Het mag niet baten. Ik vang een hoek van het voorwerp tussen mijn duim en wijsvinger. Op het eerste zicht lijkt het een achtergelaten plastic zak. Waarom gooien wandelaars hun rommel niet gewoon in de vuilnisbak? Als ik dat ding niet te pakken krijg, kan ik straks met spoed naar de dierenarts. Ik klem meer vingers rond de vrijgekomen hoek en trek uit alle macht.
‘Max, lossen!’
Onder een luid gegrom laat hij los. Ik verlies bijna mijn evenwicht. Ik schud enkele klodders kwijl van mijn hand en het zakje af. Het is doorzichtig en in het midden zit een rechthoekig voorwerp. Een boek, met een bijpassend briefje. ‘Proficiat, u vond een zwerfboek! Lees het en stuur het daarna weer op weg.’ Wat een tof initiatief! Ik haal het boek uit het half verscheurde zakje, dat ik in de vuilbak deponeer. Het boek is gelukkig onbeschadigd.
Max jankt zacht, wellicht omdat ik zijn buit heb afgepakt. Ik buk me en geef hem een klopje op zijn vlaskleurige kop.
Wanneer hij het boek in mijn vrije hand ziet, trekt hij zijn bovenlip op.
‘Foei, Max!’ Ik sta op en zwaai met mijn wijsvinger. ‘Dat boek is nu van de baas.’
Hij kijkt me kortstondig hulpeloos aan en buigt vervolgens zijn kop.
‘Dat is beter. Kom, we gaan naar huis. Het begint koud te worden.’

Boven een kop dampende koffie neem ik het boek weer ter hand. De cover intrigeert me. Zou het een thriller zijn? Tegen een rode achtergrond staart een man naar een bomenrij, met een hond aan zijn zijde. Hij staat met zijn rug naar me toe. In de struiken links van hem staat een figuur verscholen. Hij is gehuld in een zwarte kapmantel. De figuren zien er uit als de knipsels die silhouettenkunstenaars maken in Parijs.
Ik draai het boek om. Vreemd, er is geen flaptekst.
Het binnenwerk is opgemaakt in een ouderwets lettertype en gedrukt op kwaliteitsvol, dik papier. Ik vraag me af waarom iemand zo’n kostbaar boek wilde weggeven. Ik nestel me in de zetel, met mijn voeten op de salontafel.

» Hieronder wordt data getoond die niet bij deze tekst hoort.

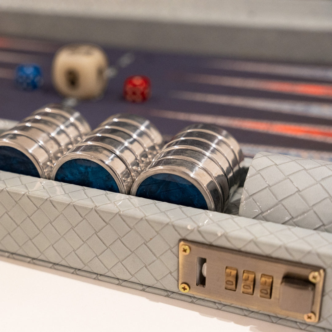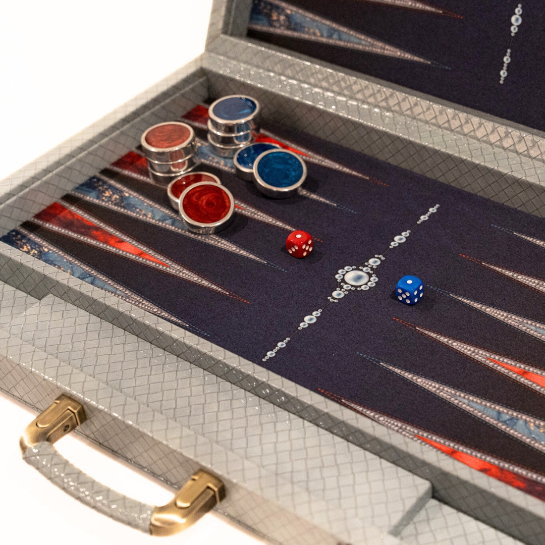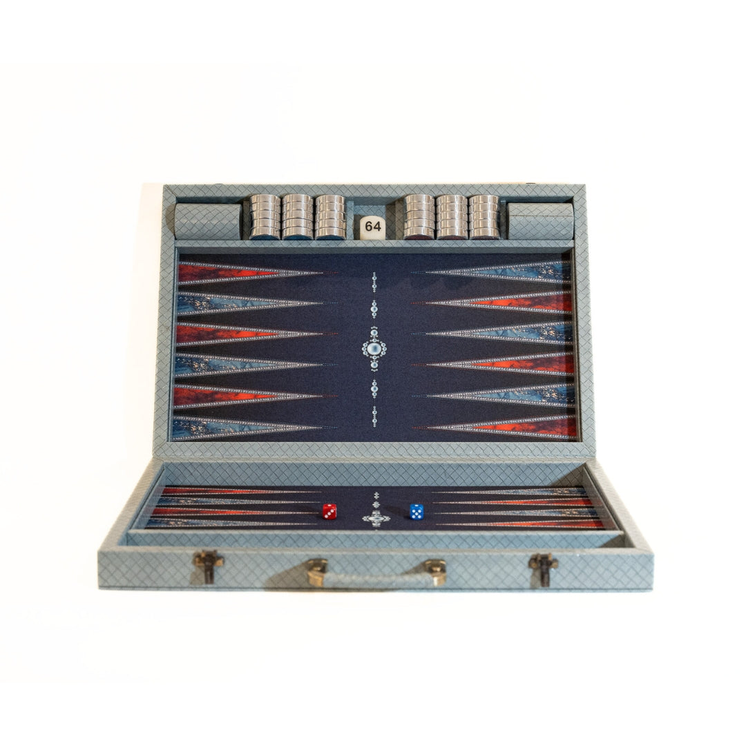 The Backgammon Olympia Pro is not for casual players. It’s a tournament-ready, 23-inch set made for serious matches and long-lasting use. Crafted with genuine leather and designed to handle countless hours of play, this is a backgammon set for those who appreciate both performance and aesthetics.

Max ligt in zijn mand en snurkt met tussenpozen.
Het is een tijd geleden dat ik een boek las. Waarom doe ik dat niet vaker?
Het hoofdpersonage is een jongen die opgroeit in een klein dorp. Zijn grootmoeder is eigenaar van een snoepwinkel.
Mijn grootmoeder had ook een snoepwinkel. Heerlijk was dat, op vrijdagavond ‘toevallig’ langs oma passeren om huiswaarts te keren met een zak zelf gekozen schepsnoep. Ik zie haar handen nog voor me, met huid dun als perkament. Op het einde trilden ze bij het hanteren van het schepje. Ze was bijna tachtig toen ze haar winkel noodgedwongen moest sluiten.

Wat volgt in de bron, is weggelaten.